RECORD SET.
┄┄┄┄┄┄

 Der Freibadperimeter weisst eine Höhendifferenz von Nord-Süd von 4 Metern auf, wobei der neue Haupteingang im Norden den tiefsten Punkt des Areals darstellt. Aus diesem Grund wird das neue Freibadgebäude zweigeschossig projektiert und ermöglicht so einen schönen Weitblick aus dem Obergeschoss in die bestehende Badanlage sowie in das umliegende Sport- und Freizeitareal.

┄┄┄┄┄┄

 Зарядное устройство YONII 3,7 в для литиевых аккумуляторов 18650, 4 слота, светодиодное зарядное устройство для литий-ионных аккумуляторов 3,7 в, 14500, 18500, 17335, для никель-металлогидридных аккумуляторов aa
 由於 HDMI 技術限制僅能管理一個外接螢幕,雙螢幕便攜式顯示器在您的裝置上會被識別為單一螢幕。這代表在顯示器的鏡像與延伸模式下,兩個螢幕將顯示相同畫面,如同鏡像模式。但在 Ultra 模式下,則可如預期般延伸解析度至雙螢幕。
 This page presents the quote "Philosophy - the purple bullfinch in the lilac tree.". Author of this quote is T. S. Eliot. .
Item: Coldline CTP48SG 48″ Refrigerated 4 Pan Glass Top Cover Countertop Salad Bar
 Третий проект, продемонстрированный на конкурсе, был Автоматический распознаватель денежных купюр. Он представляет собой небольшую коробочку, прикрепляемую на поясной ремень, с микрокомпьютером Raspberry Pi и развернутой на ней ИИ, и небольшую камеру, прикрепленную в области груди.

┄┄┄┄┄┄

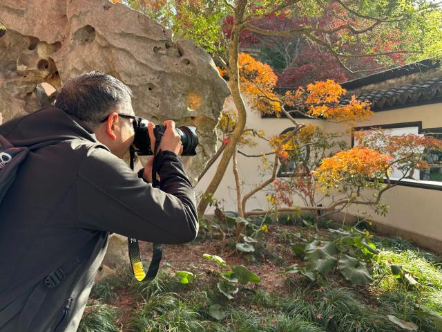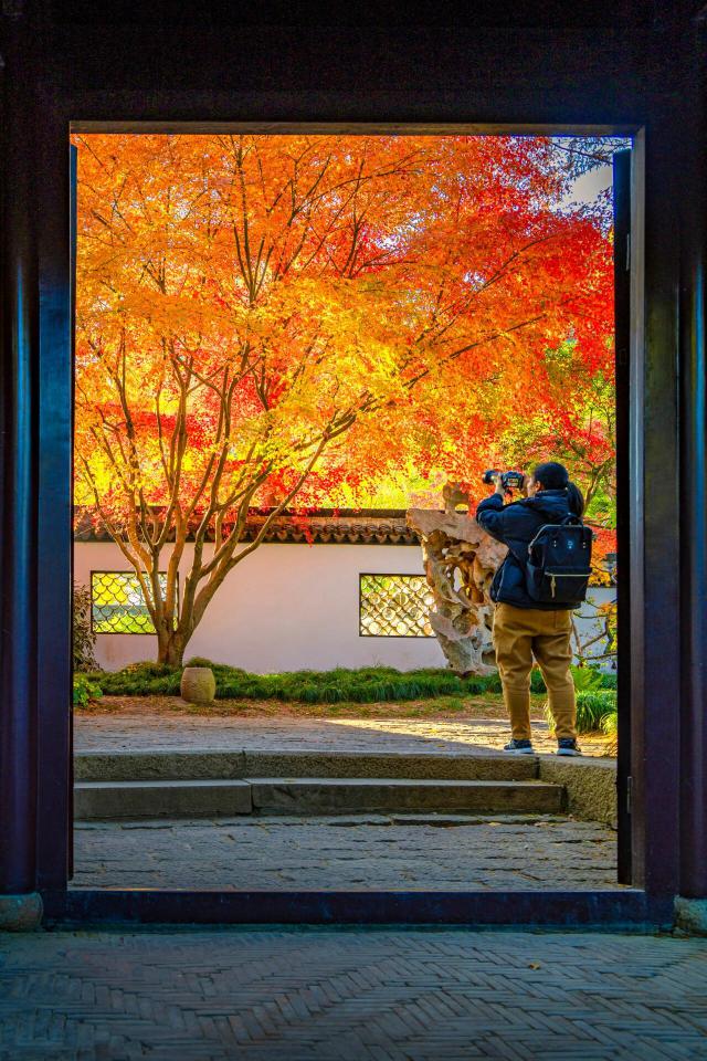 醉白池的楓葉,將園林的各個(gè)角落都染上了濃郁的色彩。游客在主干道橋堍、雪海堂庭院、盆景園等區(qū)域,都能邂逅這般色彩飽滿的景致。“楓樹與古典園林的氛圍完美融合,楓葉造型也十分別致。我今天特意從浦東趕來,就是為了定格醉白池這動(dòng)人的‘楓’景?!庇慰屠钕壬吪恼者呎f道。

┄┄┄┄┄┄

EXERCISE DETAILS.
Everything from the line with "Зарядное устройство YONII" through the line with "This page presents" should be written out exactly as it appears above, end lines included, and nothing outside that range.

SOLUTION TO THIS TASK.
 Зарядное устройство YONII 3,7 в для литиевых аккумуляторов 18650, 4 слота, светодиодное зарядное устройство для литий-ионных аккумуляторов 3,7 в, 14500, 18500, 17335, для никель-металлогидридных аккумуляторов aa
 由於 HDMI 技術限制僅能管理一個外接螢幕,雙螢幕便攜式顯示器在您的裝置上會被識別為單一螢幕。這代表在顯示器的鏡像與延伸模式下,兩個螢幕將顯示相同畫面,如同鏡像模式。但在 Ultra 模式下,則可如預期般延伸解析度至雙螢幕。
 This page presents the quote "Philosophy - the purple bullfinch in the lilac tree.". Author of this quote is T. S. Eliot. .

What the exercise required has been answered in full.